"Have you any reason to think that they know anything about it?" demanded the colonel indignantly.
"No sufficient reason," replied the judge. "Now, don't get excited," as the colonel was about to speak, "but there has been a lot of loose talk circulating, and I thought I would like to settle it."
"Loose talk!" exclaimed the colonel; "about whom?"
"About Randolph, Dick Wilson and young Blake," explained the judge; "and, by the way, where is Pepper? I don't see him here."
"We don't know where he is," replied Jack. "We have been hunting for him all the afternoon, but we couldn't find him."
"How is that?" questioned the judge.
Whereupon the story of the unavailing search was told.

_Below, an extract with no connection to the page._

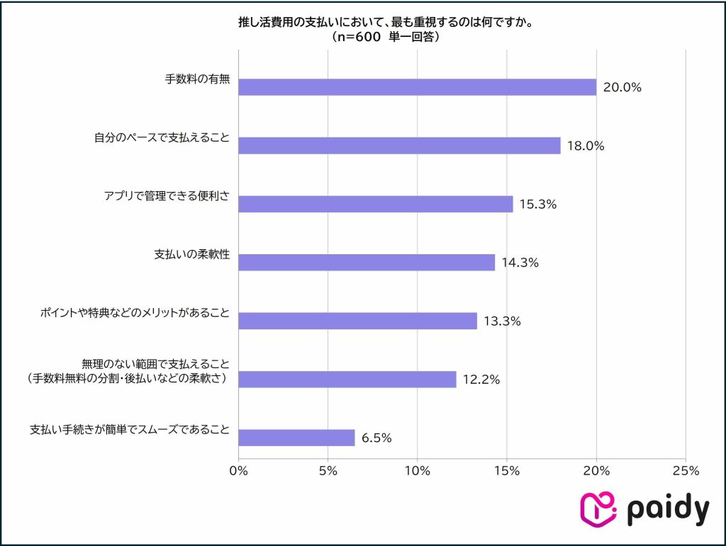 推し活の支払い手段において最も重要視するのは、1位「手数料の有無(20.0%)」、2位「自分のペースで支払えること(18.0%)」、3位「アプリで管理できる便利さ(15.3%)」となっており、推し活において、余計な手数料が不要で、自分らしく使える支払い方法が求められていることがわかった。

"That is certainly remarkable," admitted the judge. "Perhaps we had better put this matter off until we see if we can't find him. Have you any plans, Colonel?"

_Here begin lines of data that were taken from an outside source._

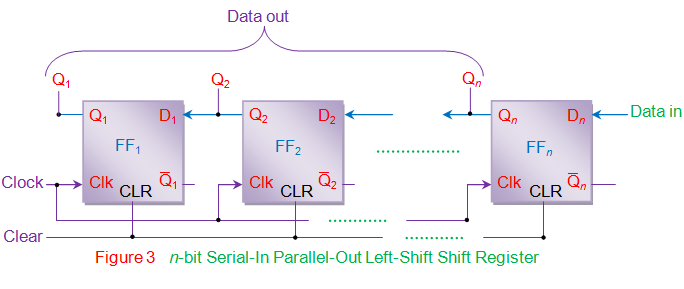 在右移SIPO移位寄存器中,数据位为每个时钟滴答而从左向右移位。然而,如果数据位在同一设计中从右向左移位,则会得到如图3所示的左移SIPO移位寄存器。然而,基本的工作原理保持不变,除了现在Bn到B1存储在Q中n去问1例如问1= B1,问2= B2……问n= Bn在nth时钟周期。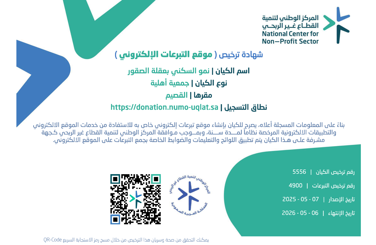 شهادة ترخيص موقع التبرعات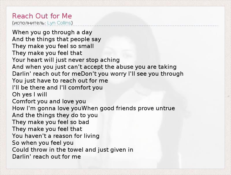 А как ты думаешь, о чем песня "Reach Out for Me" ?

"No," replied the colonel, forgetting his anger over the blundering arrest. "I am at a complete loss how to proceed. If the ground had opened and swallowed him he could not have disappeared more suddenly and more completely."
"We shall certainly have to start another search. The question is where to begin," mused the judge, and just then, catching sight of Officer Dugan, his mind reverting to the latter's inexcusable blunder, he gave the chagrined minion of the law a severe reprimand. How far the angry judge might have proceeded is not known, for just at this moment Pepper appeared in the doorway.